Visualizing real-world trajectories¶

In [ ]:

my_traj = traj_collection.trajectories[1]
print(my_traj)

In [ ]:

plot_defaults = {'linewidth':5, 'capstyle':'round', 'figsize':(9,3), 'legend':True}
my_traj.plot(column='speed', vmax=20, **plot_defaults)

To visualize trajectories in their geographical context, we can also create interactive plots with basemaps:

In [ ]:

hvplot_defaults = {'tiles':'CartoLight', 'frame_height':400, 'frame_width':700, 'cmap':'Viridis', 'colorbar':True}
my_hvplot = my_traj.hvplot(c='speed', line_width=7.0, clim=(0,20), **hvplot_defaults)
my_hvplot

And even put other layers on top:

In [ ]:

my_hvplot * gpd.GeoDataFrame([my_traj.get_row_at(datetime(2009,6,29,8,0,0))]).hvplot(geo=True, size=200, color='red')

Trajectory manipulation and handling¶

Finding intersections with a Shapely polygon¶

The clip function can be used to extract trajectory segments that are located within an area of interest polygon.

This is how to use clip on a list of Trajectory objects:

In [ ]:

xmin, xmax, ymin, ymax = 116.3685035,116.3702945,39.904675,39.907728
polygon = Polygon([(xmin,ymin), (xmin,ymax), (xmax,ymax), (xmax,ymin), (xmin,ymin)])

intersections = []
for traj in traj_collection:
    for intersection in traj.clip(polygon):
        intersections.append(intersection)
print("Found {} intersections".format(len(intersections)))

In [ ]:

intersections[2].plot(linewidth=5.0, capstyle='round')

Alternatively, using TrajectoryCollection:

In [ ]:

clipped = traj_collection.clip(polygon)
clipped.trajectories[2].plot(linewidth=5.0, capstyle='round')

Splitting trajectories¶

Gaps are quite common in trajectories. For example, GPS tracks may contain gaps if moving objects enter tunnels where GPS reception is lost. In other use cases, moving objects may leave the observation area for longer time before returning and continuing their recorded track.
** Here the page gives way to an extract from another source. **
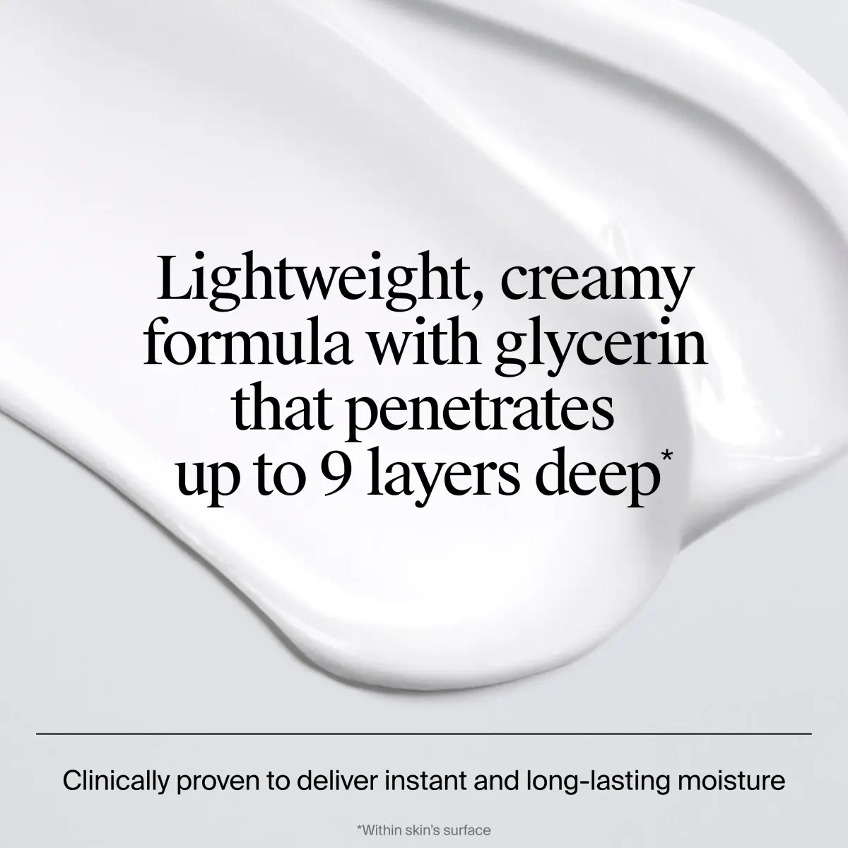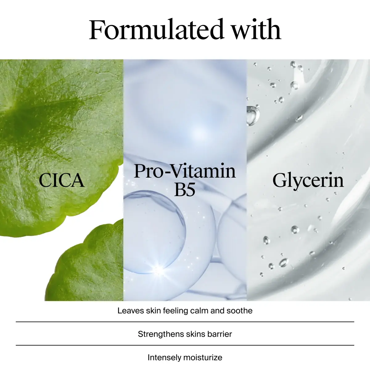 Cream, formulated with CICA, Pro-vitamin B5, and glycerin, leaves skin feeling hydrated and smooth.

Depending on the use case, we therefore might want to split trajectories at observation gaps that exceed a certain minimum duration:

In [ ]:

my_traj = traj_collection.trajectories[1]
print(my_traj)
my_traj.plot(column='speed', vmax=20, **plot_defaults)

In [ ]:

split = mpd.ObservationGapSplitter(my_traj).split(gap=timedelta(minutes=5))
for traj in split:
    print(traj)

In [ ]:

fig, axes = plt.subplots(nrows=1, ncols=len(split), figsize=(19,4))
for i, traj in enumerate(split):
    traj.plot(ax=axes[i], column='speed', vmax=20, **plot_defaults)

In [ ]:

split = mpd.StopSplitter(my_traj).split(min_duration=timedelta(minutes=1), max_diameter=30, min_length=500)
for traj in split:
    print(traj)

In [ ]:

fig, axes = plt.subplots(nrows=1, ncols=len(split), figsize=(19,4))
for i, traj in enumerate(split):
    traj.plot(ax=axes[i], column='speed', vmax=20, **plot_defaults)

Alternatively, using the whole TrajectoryCollection:

In [ ]:

split = mpd.ObservationGapSplitter(traj_collection).split(gap=timedelta(minutes=15))
print(split)
fig, axes = plt.subplots(nrows=1, ncols=2, figsize=(16,4))
traj_collection.plot(ax=axes[0], column='trajectory_id', **plot_defaults)
axes[0].set_title('Original Trajectories')
split.plot(ax=axes[1], column='trajectory_id', **plot_defaults)
axes[1].set_title('Split Trajectories')

Generalizing trajectories¶

To reduce the size of trajectory objects, we can generalize them, for example, using the Douglas-Peucker algorithm:

In [ ]:

original_traj = traj_collection.trajectories[1]
print(original_traj)

In [ ]:

original_traj.plot(column='speed', vmax=20, **plot_defaults)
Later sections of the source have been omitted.